I would be happy to hear your comments and suggestions.
Please feel free to drop me a note via twitter, email, or google+.


The code in this notebook was executed in


In [1]:
from platform import python_version
print "Python", python_version()


Python 2.7.6



Quick note about Bubblesort

I don't want to get into the details about sorting algorithms here, but there is a great report
"Sorting in the Presence of Branch Prediction and Caches - Fast Sorting on Modern Computers" written by Paul Biggar and David Gregg, where they describe and analyze elementary sorting algorithms in very nice detail (see chapter 4).

And for a quick reference, this website has a nice animation of this algorithm.

A long story short: The "worst-case" complexity of the Bubblesort algorithm (i.e., "Big-O")
$\Rightarrow \pmb O(n^2)$



Bubble sort implemented in Cython

Maybe we can speed things up a little bit via Cython's C-extensions for Python.
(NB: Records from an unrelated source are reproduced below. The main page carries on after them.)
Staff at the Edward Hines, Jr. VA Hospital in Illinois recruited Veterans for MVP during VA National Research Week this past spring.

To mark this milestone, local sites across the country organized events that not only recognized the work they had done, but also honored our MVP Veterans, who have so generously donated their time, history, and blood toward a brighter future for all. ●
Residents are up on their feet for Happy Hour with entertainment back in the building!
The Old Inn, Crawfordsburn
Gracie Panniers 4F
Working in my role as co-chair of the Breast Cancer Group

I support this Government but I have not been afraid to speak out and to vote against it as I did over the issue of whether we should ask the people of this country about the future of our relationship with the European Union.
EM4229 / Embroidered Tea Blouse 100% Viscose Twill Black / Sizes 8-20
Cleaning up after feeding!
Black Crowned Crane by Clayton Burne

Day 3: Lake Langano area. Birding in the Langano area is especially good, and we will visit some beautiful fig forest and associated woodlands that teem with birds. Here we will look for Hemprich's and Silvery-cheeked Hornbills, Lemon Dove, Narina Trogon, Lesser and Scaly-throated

Cython is basically a hybrid between C and Python and can be pictured as compiled Python code with type declarations.
Since we are working in an IPython notebook here, we can make use of the very convenient IPython magic: It will take care of the conversion to C code, the compilation, and eventually the loading of the function.
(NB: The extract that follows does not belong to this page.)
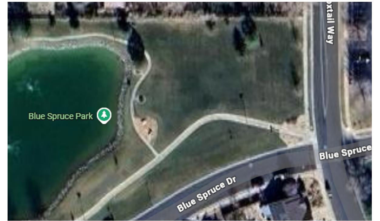
Blue Spruce Park
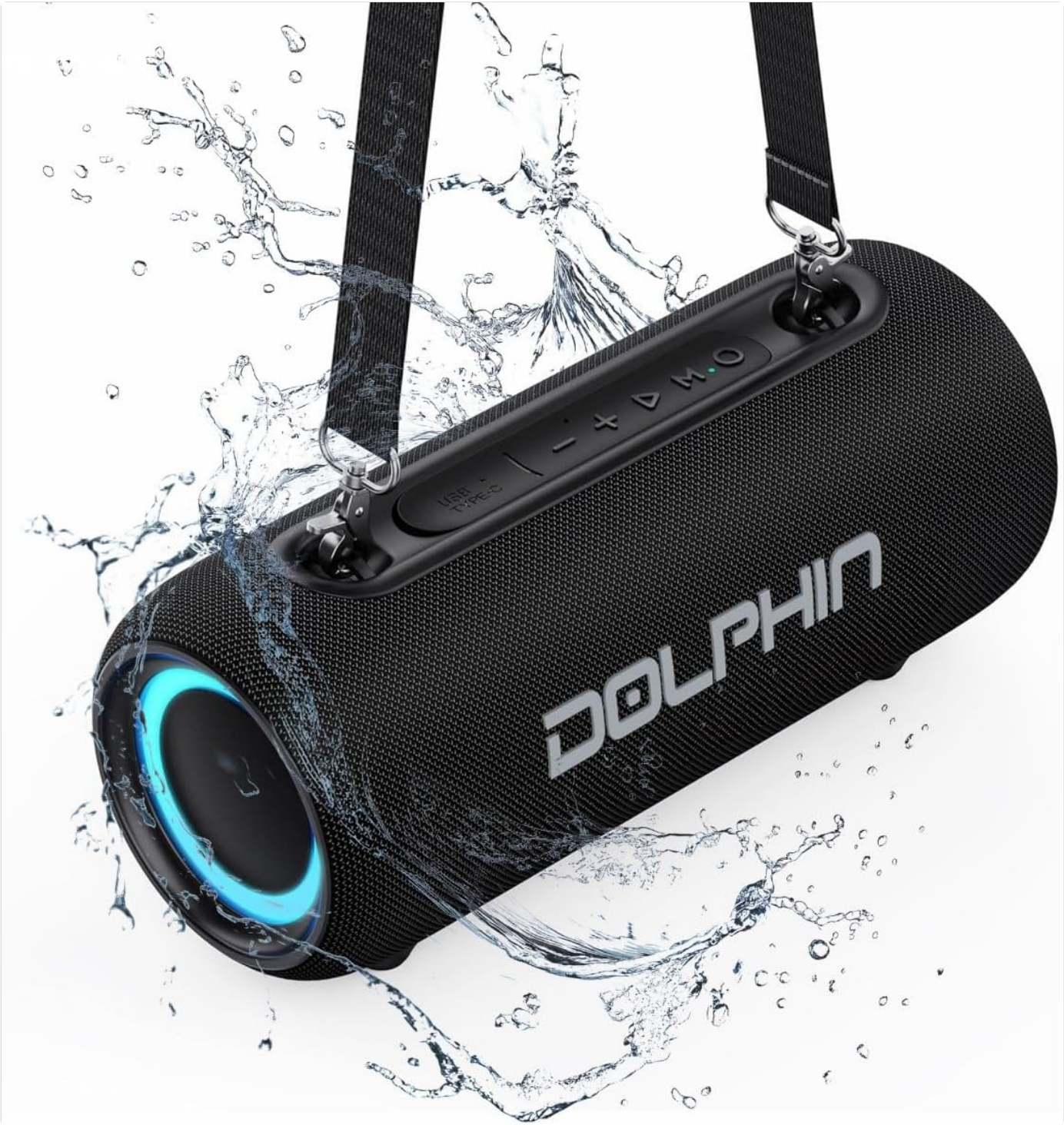
Figure 5: The Dolphin LX-30 speaker being splashed with water, illustrating its IPX5 water-resistant design, suitable for environments like pools or beaches.

The Dolphin LX-30 is rated IPX5, meaning it is protected against low-pressure water jets from any direction. This makes it suitable for use in environments where it might encounter splashes, such as by a pool, at the beach, or in a shower.

Note that the static type declarations that we add via cdef are note required for Cython to work, but it will speed things up tremendously.


In [2]:
%load_ext cythonmagic

In [3]:
%%cython
import numpy as np
cimport numpy as np
cimport cython
@cython.boundscheck(False) 
@cython.wraparound(False)
cpdef cython_bubblesort1(long[:] np_ary):
    """ The Cython implementation of Bubblesort with NumPy memoryview."""
    cdef unsigned long length, i, swapped, ele, temp
    length = np_ary.shape[0]
    swapped = 1
    for i in xrange(0, length):
        if swapped: 
            swapped = 0
            for ele in xrange(0, length-i-1):
                if np_ary[ele] > np_ary[ele + 1]:
                    temp = np_ary[ele + 1]
                    np_ary[ele + 1] = np_ary[ele]
                    np_ary[ele] = temp
                    swapped = 1
    return np.asarray(np_ary)

In [4]:
%%cython
import numpy as np
cimport numpy as np
cimport cython
@cython.boundscheck(False) 
@cython.wraparound(False)
cpdef cython_bubblesort2(inp_ary):
    """ The Cython implementation of Bubblesort with NumPy memoryview."""
    cdef unsigned long length, i, swapped, ele, temp
    cdef long[:] np_ary = inp_ary
    length = np_ary.shape[0]
    swapped = 1
    for i in xrange(0, length):
        if swapped: 
            swapped = 0
            for ele in xrange(0, length-i-1):
                if np_ary[ele] > np_ary[ele + 1]:
                    temp = np_ary[ele + 1]
                    np_ary[ele + 1] = np_ary[ele]
                    np_ary[ele] = temp
                    swapped = 1
    return inp_ary

In [13]:
import timeit
import random
import copy
import numpy as np
random.seed(4567)

funcs = ['cython_bubblesort1',
         'cython_bubblesort2',
         ]

orders_n = [10**n for n in range(1, 6)]
timings = {f:[] for f in funcs}

for n in orders_n:
    l = [np.random.randint(n) for num in range(n)]
    for f in funcs:
        l_copy = np.asarray(copy.deepcopy(l))
        timings[f].append(min(timeit.Timer('%s(l_copy)' %f, 
                      'from __main__ import %s, l_copy' %f)
                              .repeat(repeat=3, number=10)))

In [14]:
import platform as pf
from cython import __version__ as cython__version__
from numba import __version__ as numba__version__
from llvm import __version__ as llvm__version__
from parakeet import __version__ as parakeet__version__

sys_info = [
        ['Python version', pf.python_version()],
        ['Compiler', pf.python_compiler()],
        ['Cython version', cython__version__],
        ['NumPy version', np.__version__]
    ]

In [15]:
%matplotlib inline

In [16]:
import matplotlib.pyplot as plt

def plot(timings, title, ranked_labels, labels, orders_n, sys_info):
    plt.rcParams.update({'font.size': 12})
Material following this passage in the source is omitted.